• _Records shown_:
******************************

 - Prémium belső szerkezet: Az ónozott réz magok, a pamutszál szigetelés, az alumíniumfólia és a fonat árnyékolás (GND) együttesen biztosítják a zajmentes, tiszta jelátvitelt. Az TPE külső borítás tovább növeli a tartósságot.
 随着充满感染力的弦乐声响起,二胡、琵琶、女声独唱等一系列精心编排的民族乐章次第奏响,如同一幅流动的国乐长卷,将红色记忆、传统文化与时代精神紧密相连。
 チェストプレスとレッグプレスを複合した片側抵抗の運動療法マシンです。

******************************

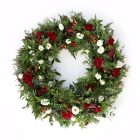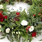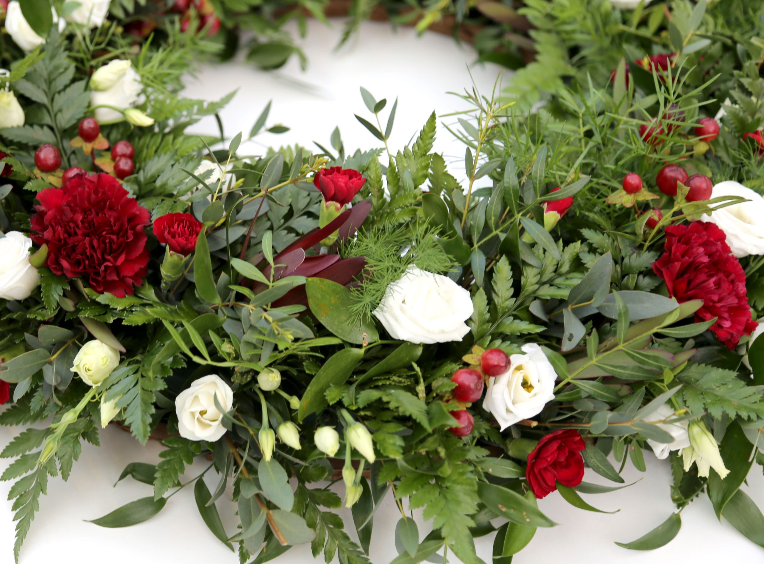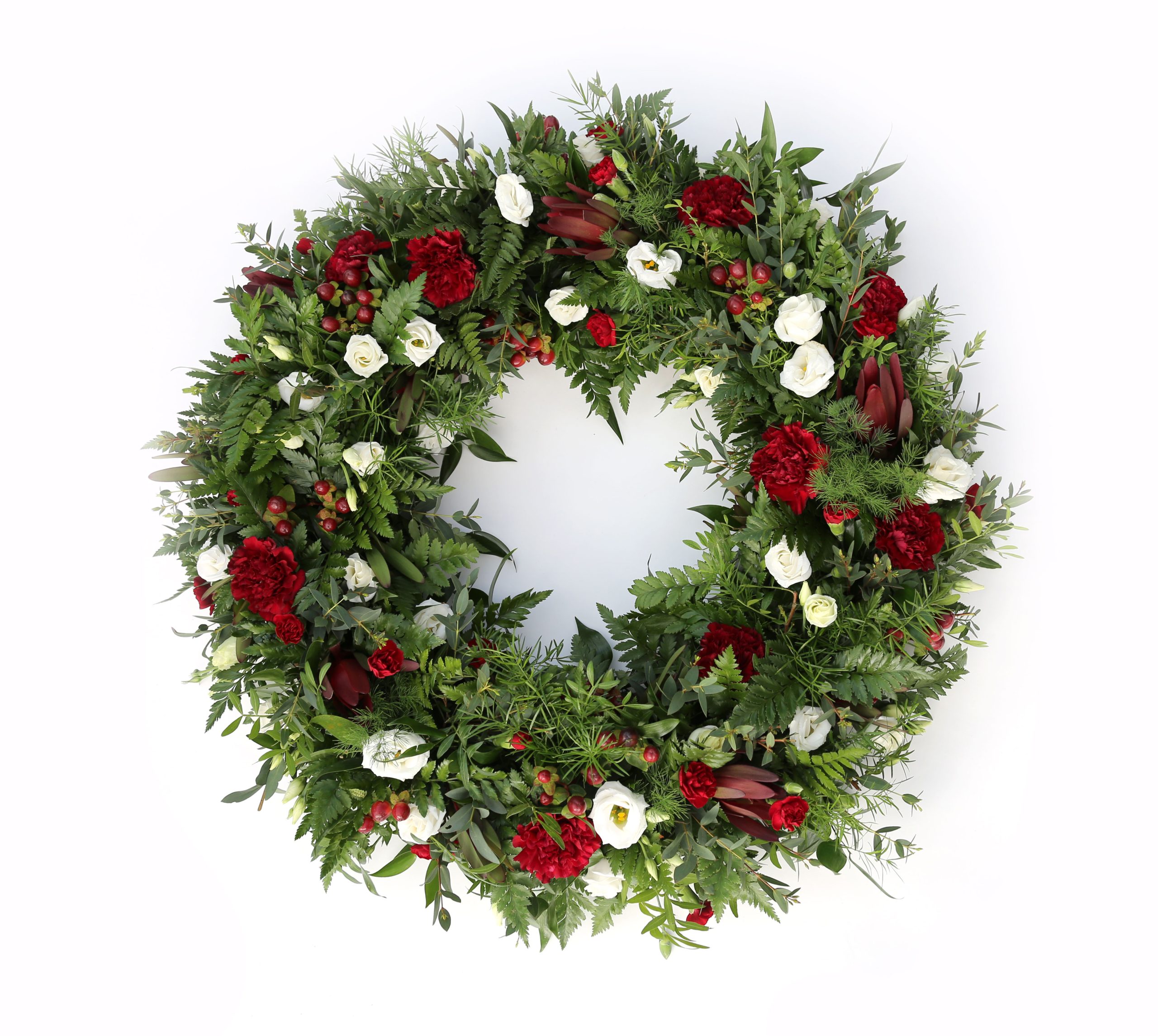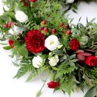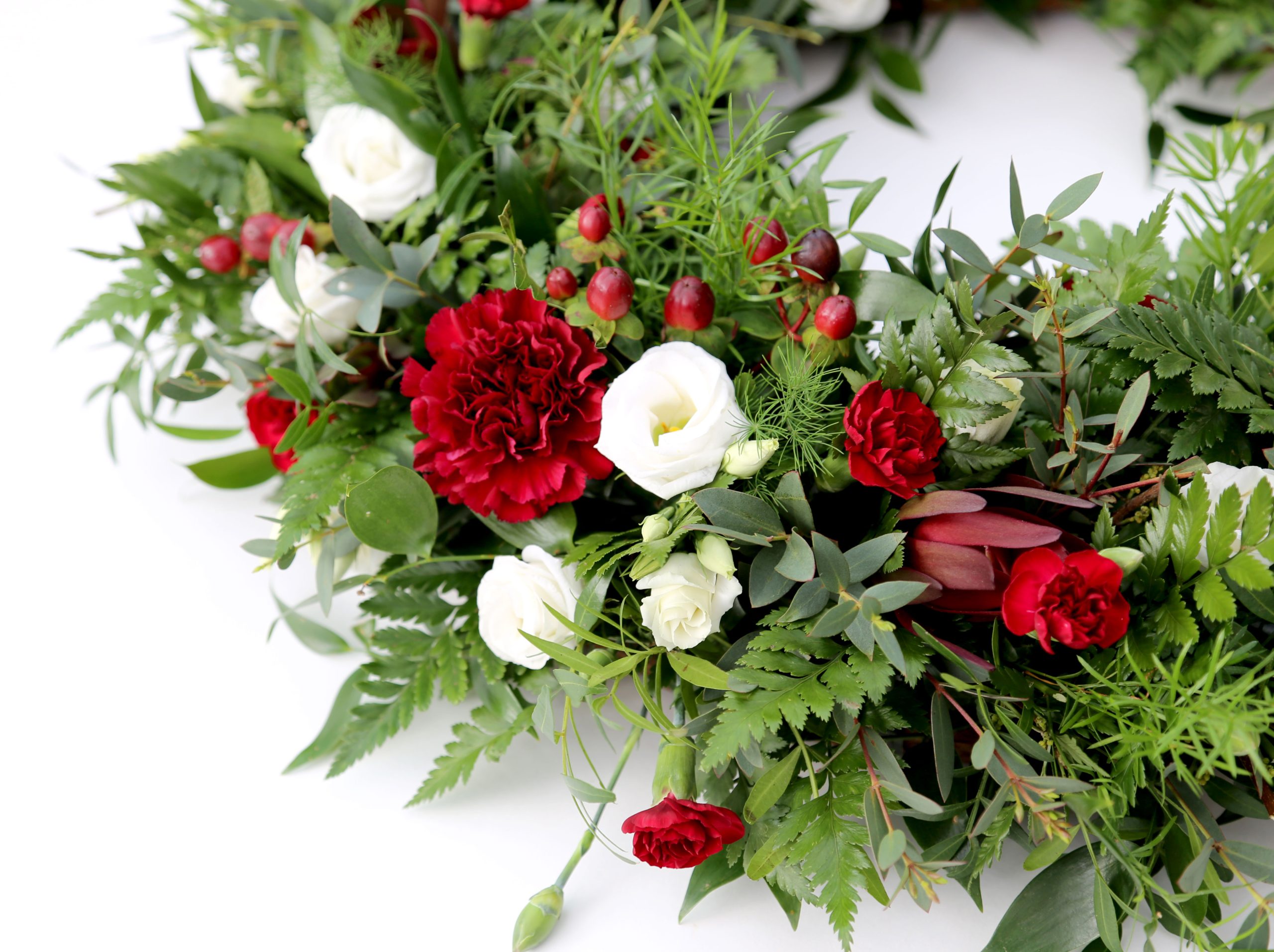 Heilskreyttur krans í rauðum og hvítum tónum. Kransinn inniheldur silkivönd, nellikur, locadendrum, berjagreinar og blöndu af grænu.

******************************

• _What is needed_: All that belongs in your answer is the stretch of entries above from the line with "随着充满感染力的弦乐声响起,二胡、琵琶、" through the line with "チェストプレスとレッグプレスを複合した片側抵抗の運動療法マシンです。", printed exactly.

• _Reply_:
 随着充满感染力的弦乐声响起,二胡、琵琶、女声独唱等一系列精心编排的民族乐章次第奏响,如同一幅流动的国乐长卷,将红色记忆、传统文化与时代精神紧密相连。
 チェストプレスとレッグプレスを複合した片側抵抗の運動療法マシンです。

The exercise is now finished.